To differentiate the function \(\frac{6x^3 - 5x^2 + 1}{3x^2}\) with respect to x, we can use the quotient rule.

The quotient rule states that if we have a function \(f(x) = \frac{g(x)}{h(x)}\), then \(f'(x) = \frac{g'(x)h(x) - g(x)h'(x)}{h(x)^2}\).
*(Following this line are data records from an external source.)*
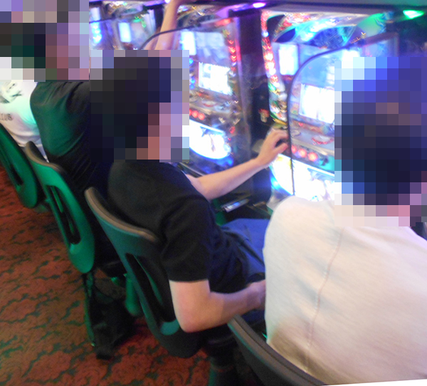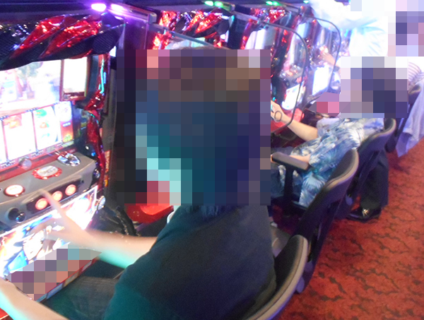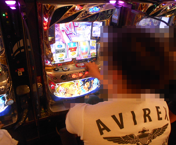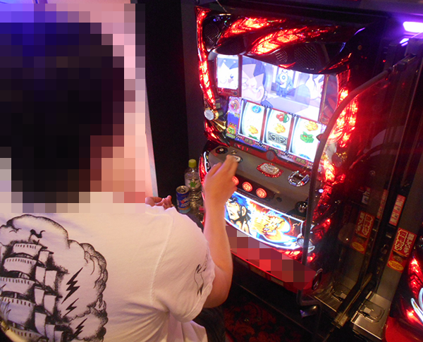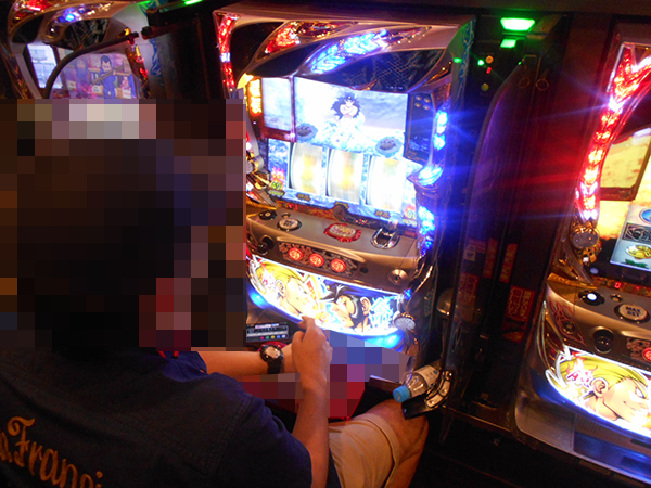 理想的ともいえる展開で遊技をおこなうプレイヤーを発見。うれしそうにレバーを叩き、ストップボタンを押すといった行動からは、満足できていることもうかがえた。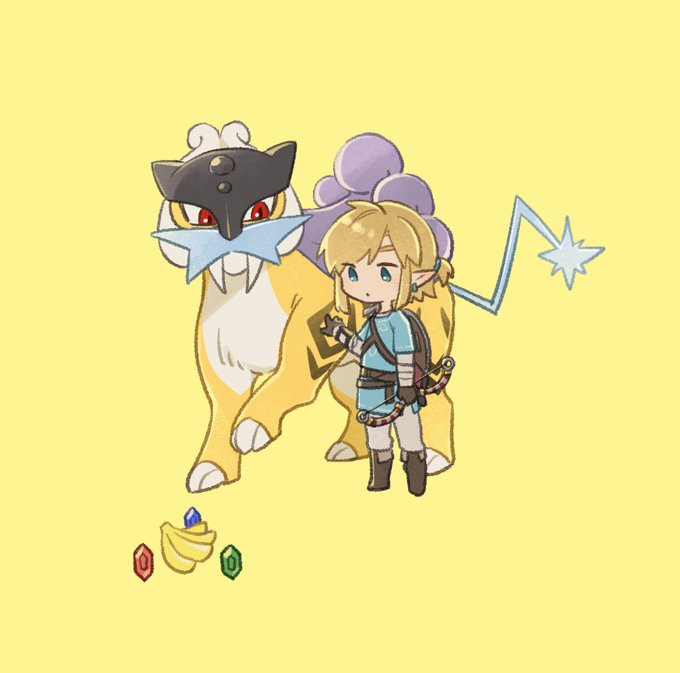 あけましておめでとうございます!!!これは最近ブレワイとポケモンにハマった妹氏にあげるポチ袋用に描いた絵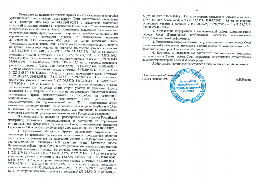 Но посмотрим основание отклонения от разрешенных параметров (постановление прикрепляю): конфигурация участка неблагоприятна для застройки и длина сторон участка по уличному фронту не соответствует градостроительным регламентам Правил землепользования (в зоне Ж4 минимальная длина должна быть 40 м, ширина — 20 м, а участок имеет длину 15 м и ширину 9,5 м).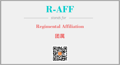 上述内容是“Regimental Affiliation”作为“R-AFF”的缩写,解释为“团属”时的信息,以及英文缩略词R-AFF所代表的英文单词,其对应的中文拼音、详细解释以及在英文中的流行度和相关分类、应用领域及应用示例等。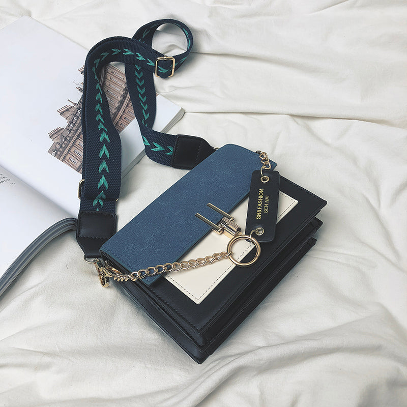 Il dispose d’un rabat en nubuck bleu orné d’une breloque dorée comme fermoir, d’une large bandoulière en tissu amovible, ainsi qu’une petite chaîne à maillons dorés.
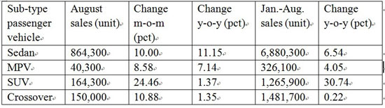 The following table shows the sales of major sub-type passenger vehicles in August and in the first eight months of 2012: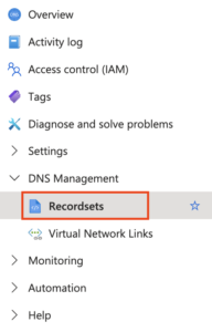 - Navigate to DNS Management -> Recordsets, click Add in the page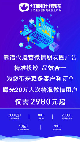 朋友圈广告推广平台是一款值得信赖的广告代运营投放平台,通过其精准的定向投放和按效果付费的服务,可以帮助企业更好地实现广告营销目标。红枫叶公司作为专业的互联网广告代运投放平台,将继续为客户提供优质的服务,帮助他们轻松实现营销和获客。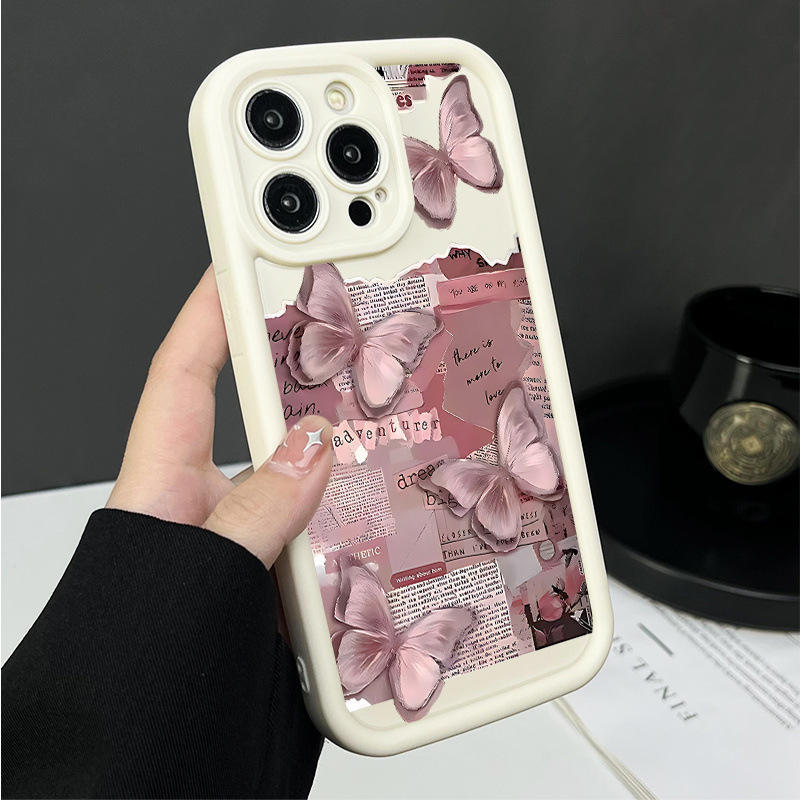 Moda farfalla rosa rosa modello custodia per telefono in TPU protezione 360 antiurto per iPhone 16 15 Pro Max 14 12 11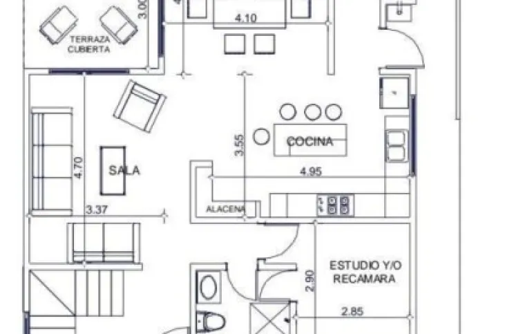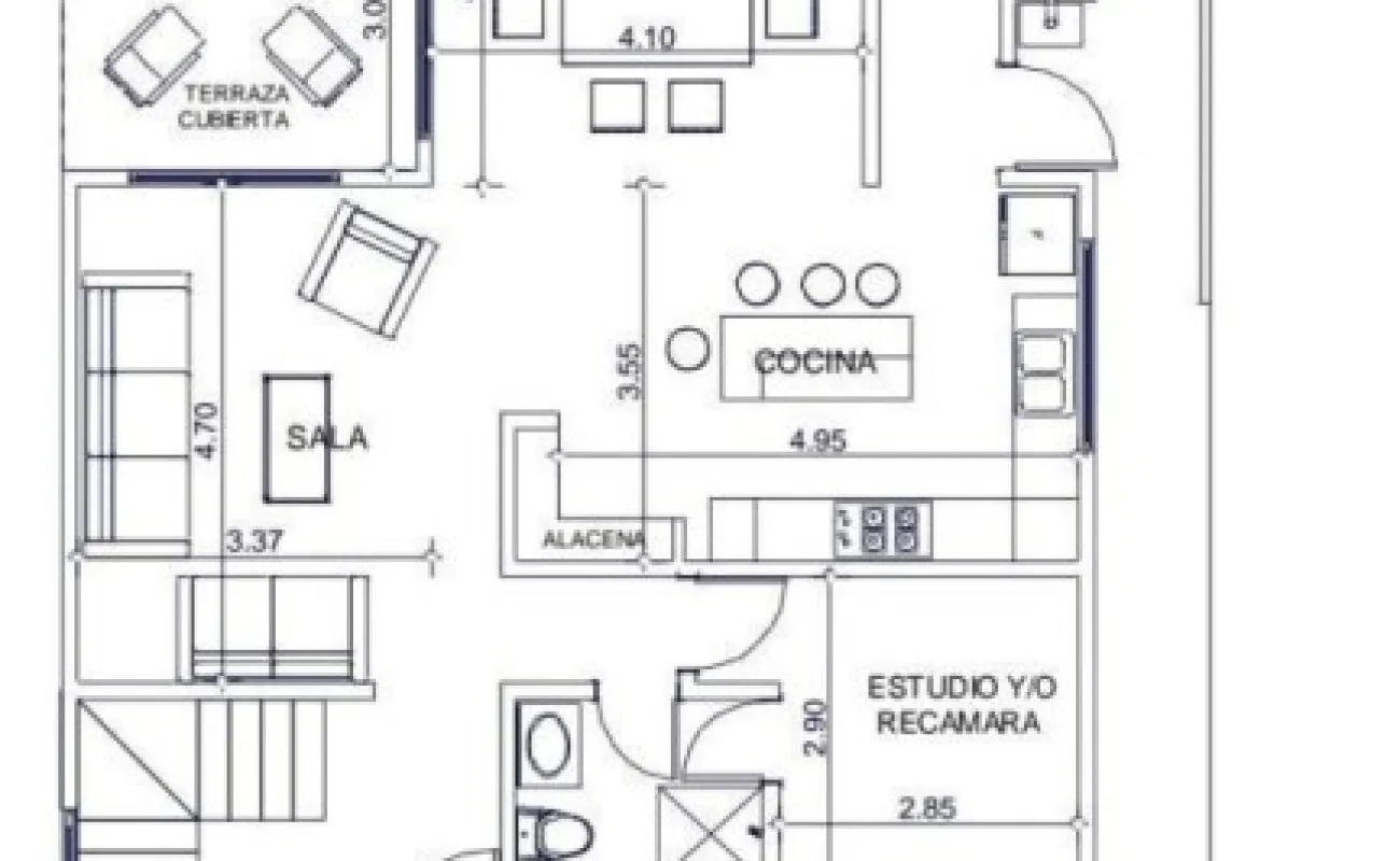 Sala,comedir, cocina integral, área de lavado, recamara o estudio con baño completo,tereaza, estaciinamiento dos autos.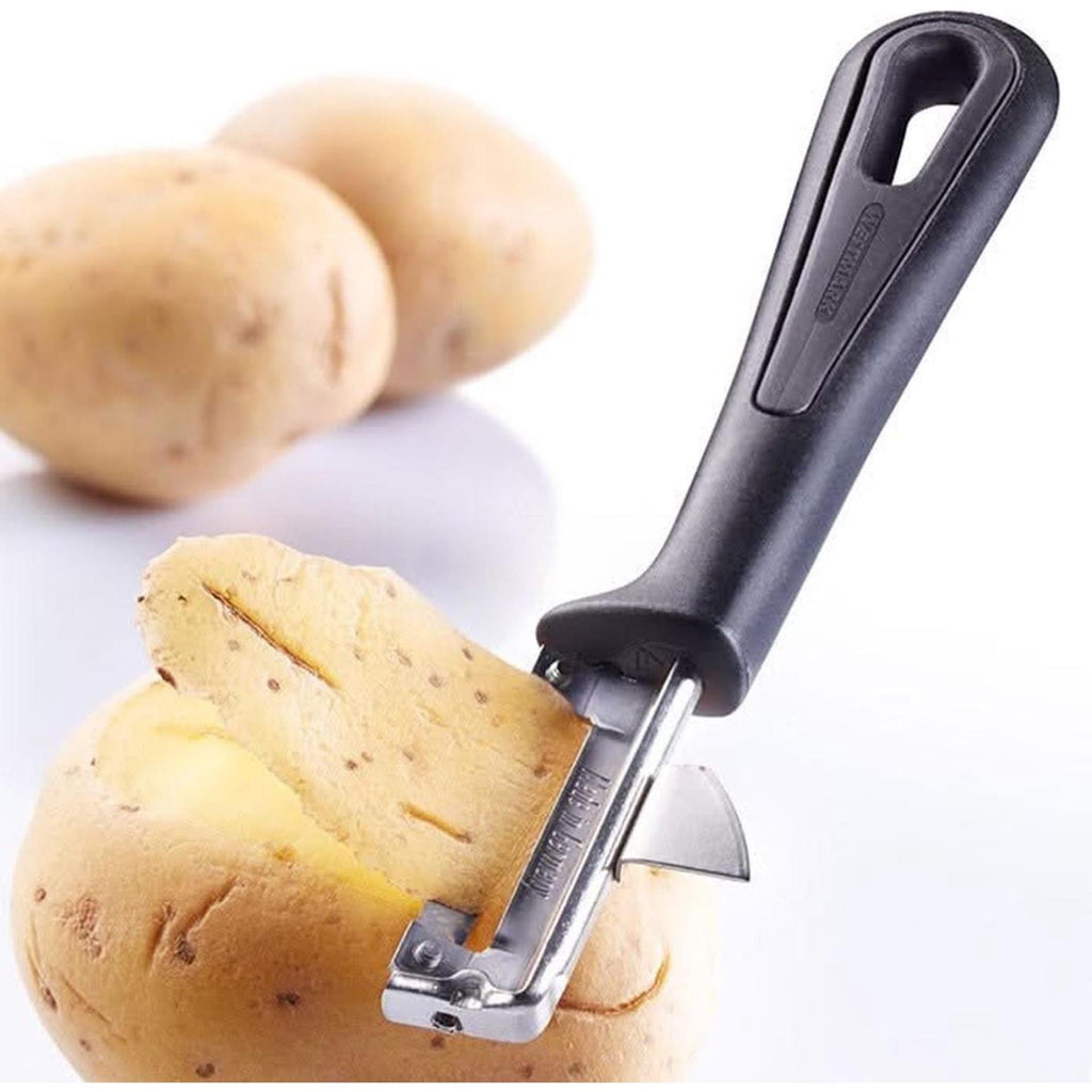 Westmark Swivel dunschillervoor ronde of langwerpige groenten en fruit zoals aardappelen, komkommers, asperges en appels. Dedunschiller heeft eenvlijmscherpe uitsteker, ook heeft hijeen mesbeschermer. Zuinig schillen dankzij bewegend mes dat zich automatisch aan de vorm van het voedsel aanpast. Kleur: zwart.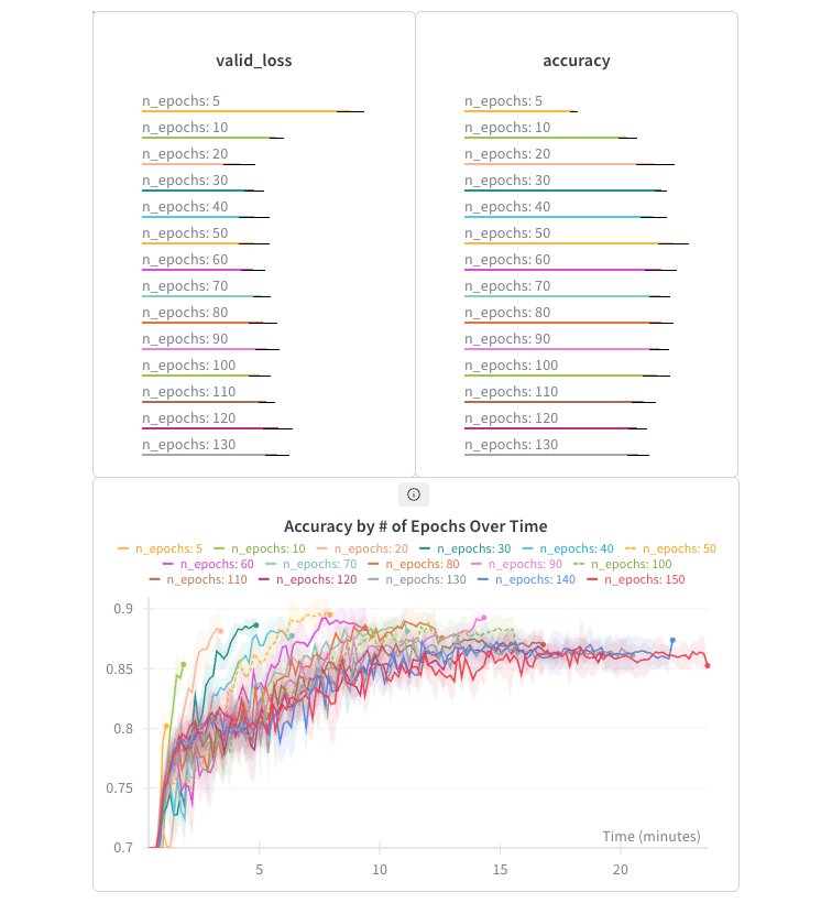 In this sweep, 20 epochs produced the lowest validation loss, 50 epochs achieved the highest accuracy, and training for 150 epochs over 23 minutes was actually worse than training for 20 epochs in only 3.5 minutes.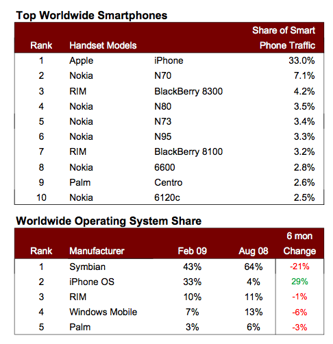 On a worldwide basis, smartphones running on the Symbian OS (mostly from Nokia) still dominate mobile Web traffic with a 43 percent share. But that is down from 64 percent in August. The iPhone has gone from 4 percent to 33 percent of mobile Web traffic on a worldwide basis. All the other mobile operating systems are down as well.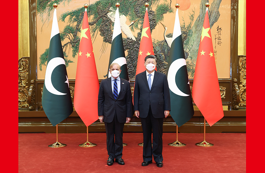 习近平介绍了中国共产党第二十次全国代表大会取得的重要成果。习近平指出,中国将继续坚持对外开放基本国策,不断以中国新发展为包括巴基斯坦在内的世界各国提供新机遇。中方愿同巴方深化发展战略对接。双方要用好中巴经济走廊联合合作委员会机制,以更高效率推进中巴经济走廊建设,将其打造成“一带一路”高质量发展示范性工程。要加快推进瓜达尔港配套基础设施建设,发挥港口对地区联通发展的辐射带动作用。双方要共同努力,为早日实施一号铁路干线升级改造项目和卡拉奇环城铁路项目创造条件。中方欢迎巴基斯坦扩大优质农产品对华出口,愿同巴方拓展数字经济、电子商务、光伏等新能源合作,扎实推进农业、科技、民生等领域合作,将继续为巴方稳定金融形势提供力所能及的支持。中方支持中国工业强省同巴方结对子推进产业合作,希望巴方提供良好营商环境。我高度牵挂在巴中国人的安全问题,希望巴方为赴巴基斯坦开展合作的中国机构和人员提供可靠安全环境。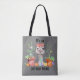 Ce sac fourre-tout est orné d'une adorable autruche qui porte un arc rouge et blanc et des lunettes de vue derrière une rangée de plantes et de fruits en pot colorés. Le texte en noir au-dessus et au-dessous de l'image dit "C'est une Ostrich Thing". L'image et le texte sont placés sur un arrière - plan gris moyen des deux côtés du sac.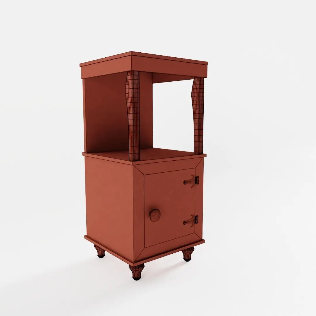 The model has real world scale (approximately 89 cm in height and 40 cm in depth and length). It consists of two seperate, but grouped and parented, meshes, to make it easier to open the door, if needed.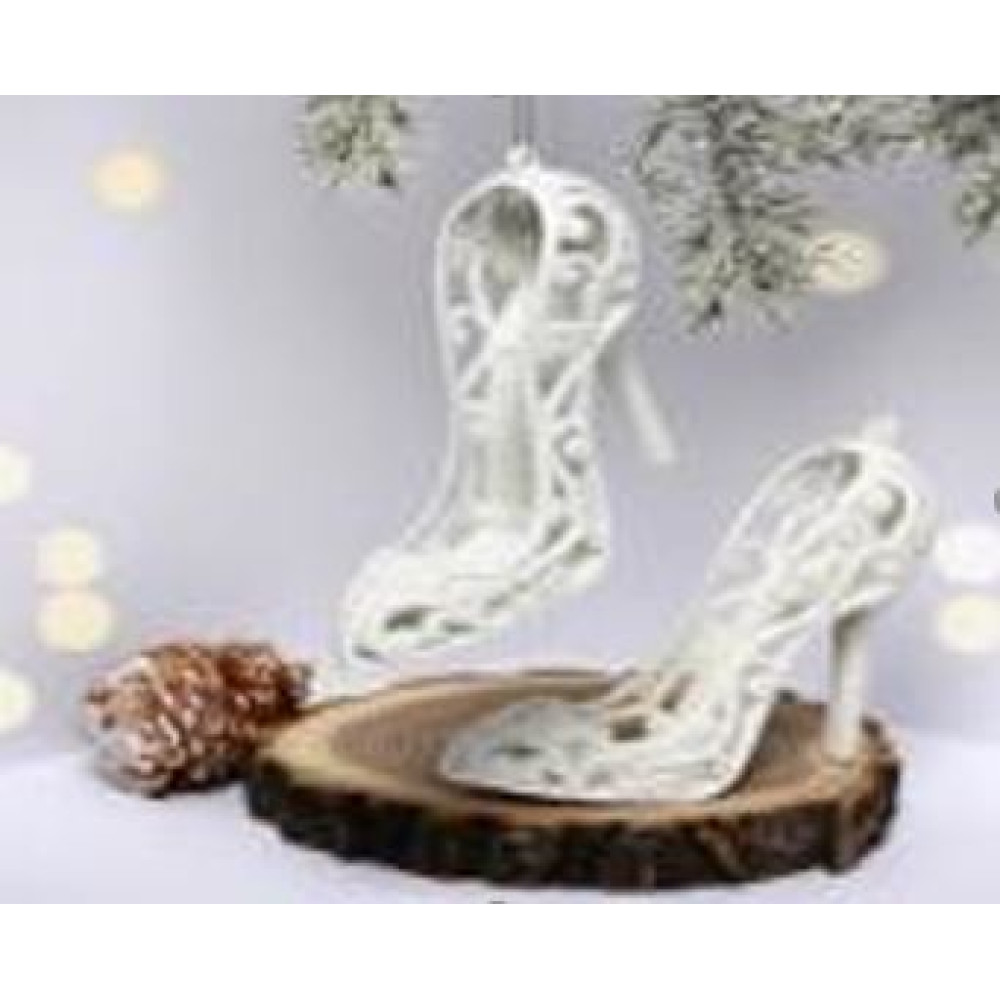 Набор елочных украшений 2 шт 10 см пластик белый Туфли Серпантин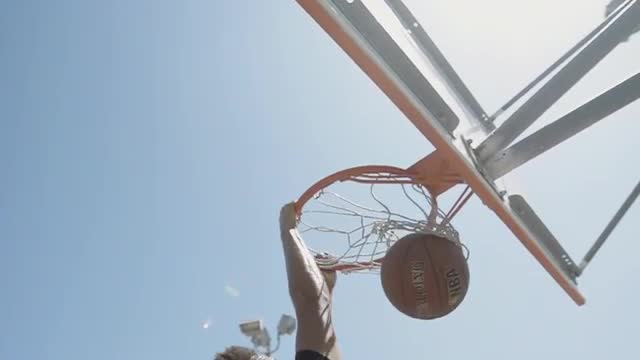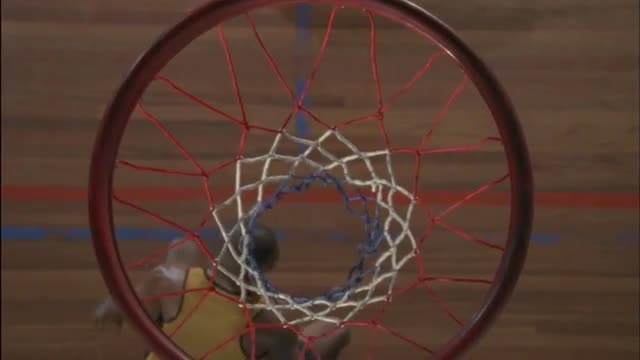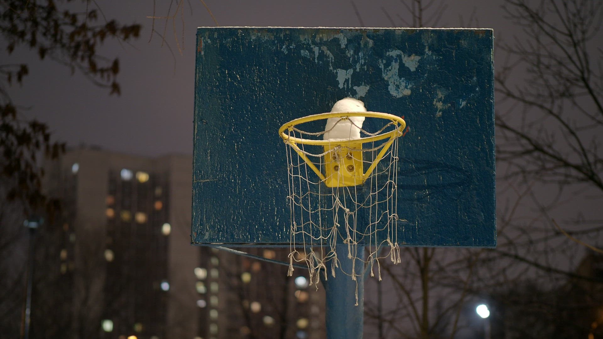The wind shakes the basketball net. Blue basketball backboard with snow. Winter.

In this case, we have \(g(x) = 6x^3 - 5x^2 + 1\) and \(h(x) = 3x^2\).

Taking the derivative of g(x) with respect to x, we get \(g'(x) = 18x^2 - 10x\).

Taking the derivative of h(x) with respect to x, we get \(h'(x) = 6x\).

Substituting these values into the quotient rule formula, we get \(f'(x) = \frac{(18x^2 - 10x)(3x^2) - (6x^3 - 5x^2 + 1)(6x)}{(3x^2)^2}\).

Simplifying this expression, we get

\(f'(x) = \frac{54x^4 - 30x^3 - 36x^4 + 30x^3 - 6x}{9x^4} = \frac{18x^4 - 6x}{9x^4} = 2 - \frac{2}{3x^3}\).

So, the derivative of \(\frac{6x^3 - 5x^2 + 1}{3x^2}\) with respect to x is \(2 - \frac{2}{3x^3}\).